Comment se jouent les rapports entre le texte et l’image dans les éditions illustrées du Cornet ? Comment s’est organisée la publication, la réception de cette œuvre majeure du vivant de l’auteur ? Quelles sont les questions esthétiques que Jacob énonce pour refonder l’esthétique du poème en prose ? Quelles sont les sources poétiques auxquelles il se rallie ou qu’il rejette ? Quelles sont les constructions de l’écriture onirique des poèmes du Cornet ? Cent ans après sa parution, il importe, aujourd’hui d’évaluer la portée actuelle de cette oeuvre, à travers ses nombreuses éditions, ses variations, ses prolongements ; à travers les oeuvres qui en ont subi la marque, l’École de Rochefort ou de nombreux poètes contemporains français ou étrangers

Le Cornet à dés a déjà été l’objet d’études, mais, une recherche conjuguant les méthodes et les questionnements doit permettre d’aborder ce livre-monde dans ses multiples aspects historiques et théoriques. Le prochain numéro des Cahiers Max Jacob qui sera consacré au recueil proposera une exploration selon quatre axes principaux :  

1. les stratégies textuelles : théorie poétique : rôle et étude des préfaces de 1906 et de 1916 ; questions énonciatives, rhétoriques et stylistiques (anecdotes, paraboles, aphorismes, métaphores, calembours, effets rythmiques), ironie, satire, parodie ; présence du religieux ; l’écriture du rêve, l’art du doute ;

2. archéologie du Cornet à dés : histoire matérielle et éditoriale du recueil (structurations de l’ouvrage, les reliures d’art, les éditions illustrés, les dédicaces...). Les éditions du Cornet à dés : parutions en revues, les orientations éditoriales des éditions du vivant de l’auteur (1917, 1922, 1923) ; Le Cornet à dés dans la correspondance de Max Jacob : enjeux énonciatifs en fonction du destinataire, réception du recueil par l’auteur lui-même ;

3. les cadres pragmatiques : les situations de communication diverses, les visées discursives, la réception du Cornet à dés ; éditer en temps de guerre : rejet de la diabolisation de l’ennemi, tensions et terreurs, écriture de la menace, informations et rumeurs ;

4. l’inscription de Max Jacob dans l’histoire du genre du poème en prose : la formation intellectuelle de Max Jacob (Le Cornet et l’héritage du Chat Noir, Alphonse Allais, les journaux satiriques et humoristiques) ; Le Cornet et les genres littéraires : l’hybridité, les contradictions et les interactions des genres littéraires dans le poème en prose de Max Jacob, les modèles de référence : l’opposition à Rimbaud, à Baudelaire, le modèle mallarméen ; les transformations du poème en prose dans l’oeuvre poétique de Max Jacob ; l’influence du Cornet à dés sur les poètes de l’Esprit nouveau, le surréalisme, l’École de Rochefort, en Europe et aux USA (le New York School et la poésie postmoderne américaine) : les héritiers et les épigones.

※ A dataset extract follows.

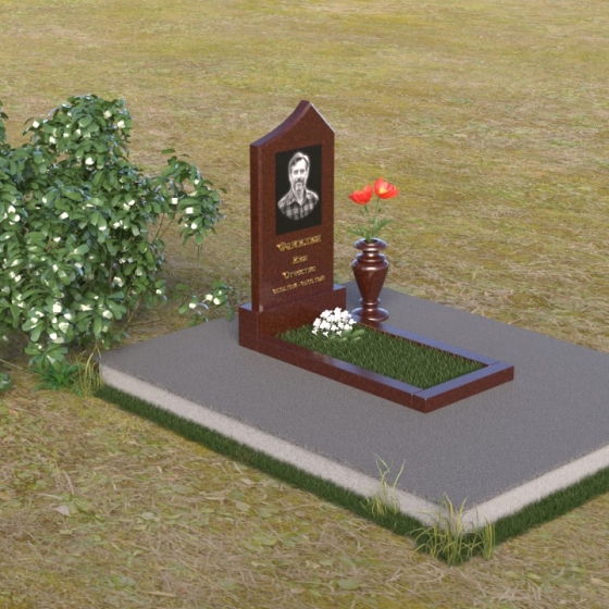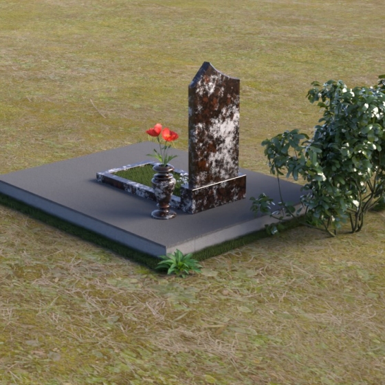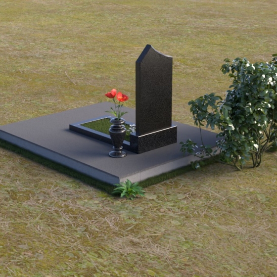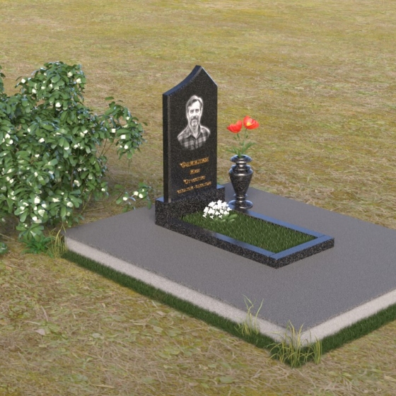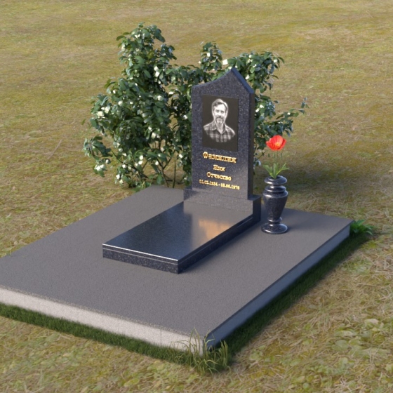 Основание памятника выполнено в виде массивной плиты, обеспечивающей устойчивость всей конструкции. На плите располагается горизонтальная надгробная плита, также выполненная из полированного черного гранита. Она служит местом для цветов, свечей и других памятных вещей. С правой стороны от стелы предусмотрено место для установки вазы. Ваза, выполненная в классическом стиле, гармонично дополняет общую композицию. Она имеет плавные, изогнутые линии и подчеркивает торжественность момента.

Le centenaire de la publication du Cornet à dés est inscrit au calendrier des Célébrations nationales 2017.

 

PROPOSITION DE CONTRIBUTION : en langue française, 1'500 signes, accompagnée d’une notice bio-bibliographique, à envoyer avant le 1er juillet 2016 à :

Alexander DICKOW, ard@vt.edu

Assistant Prof. of French, Virginia Tech (USA), directeur scientifique des  Cahiers Max Jacob.

ARTICLE FINAL : 30 000 signes, résumé de l’article : 10 lignes

REMISE DE L’ARTICLE FINAL : 1er février 2017

PUBLICATION : LES CAHIERS MAX JACOB, publication bisannuelle des Amis de Max Jacob, revue à comité scientifique (http://cahiersmaxjacob.org).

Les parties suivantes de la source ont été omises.